You sound as if you think anxiety and problems are bad things and that you should do things to improve your spiritual life so these problems will go away.

I believe that problems and anxiety are not necessarily bad things.  I think any time we are anxious, it is like a fire alarm going off warning us that there is something not being faced either in our relationship with God, another person, ourselves, or with our work.  Some people, for instance, are overworking terribly and suddenly become anxious “for no reason at all.”

What I do when I become anxious or have a problem in a relationship is to stop and ask God, “What messages are you trying to get through to me?”  In other words, instead of praying that the anxiety will go away, I am learning to ask God, “What is the anxiety signaling that might help me get closer to You and to live more sanely as your person?”  Most often, the problem or the anxiety I am experiencing is merely a signal that something is wrong.  Rather than trying to get the signal to stop, I find it’s better to locate the fire or the difficulty that is causing the anxiety or the problem in the relationship. When I discover the real problem, and address it (which usually requires me to change some unacceptable behavior) then often the anxiety disappears.

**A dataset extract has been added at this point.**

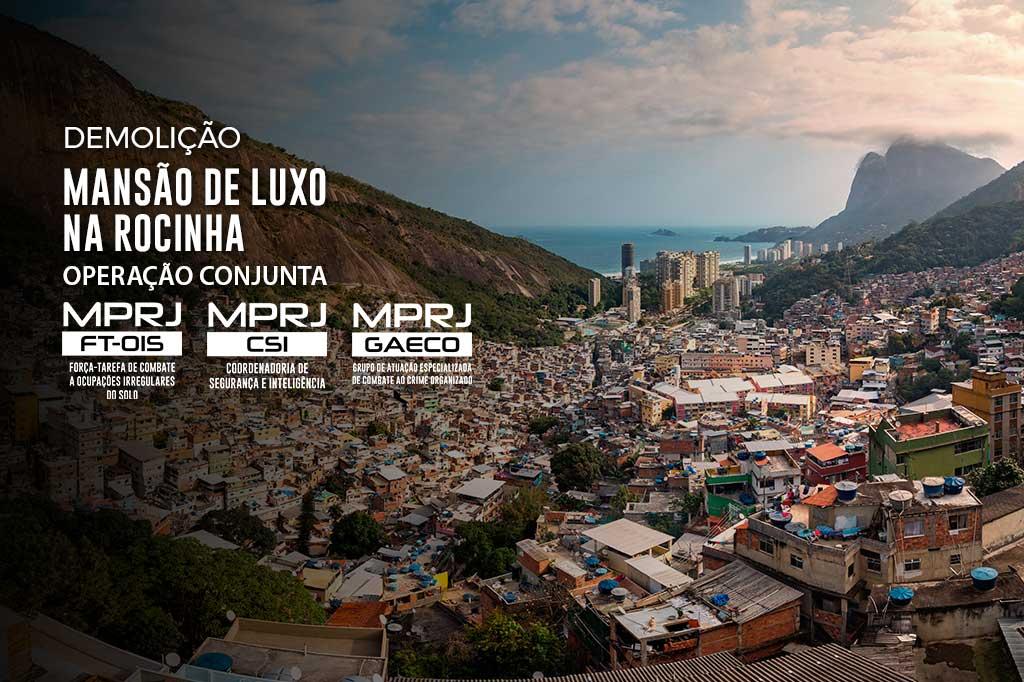 O Ministério Público do Estado do Rio de Janeiro (MPRJ), por meio da Força-Tarefa do Grupo de Atuação Especializada de Combate ao Crime Organizado para o Enfrentamento à Ocupação Irregular do Solo Urbano (GAECO/FT-OIS), e a Prefeitura do Rio, através da Secretaria de Ordem Pública, realizam, nesta quarta-feira (13/09), uma operação conjunta para demolir uma mansão de luxo com três andares e uma cobertura, que está sendo erguida na comunidade da Rocinha, Zona Sul do município. A operação conta com o apoio da Coordenadoria de Segurança e Inteligência (CSI/MPRJ).

For example, one day I woke up anxious, afraid, and feeling very insecure—all adding up to a frightening loneliness and doubt about the reality of my Christian commitment.   I hated to admit it, but my Christian friends began to get on my nerves. They seemed to be so untroubled, and I knew intuitively that some of them must have similar problems—but they just didn’t talk about it. So I started faking it, without even being conscious of it. Someone would call and say, “Hey, buddy, how are you feeling?” And I would reply, “Fine, things couldn’t be going better,” when in reality I was dealing with something serious or was worried sick.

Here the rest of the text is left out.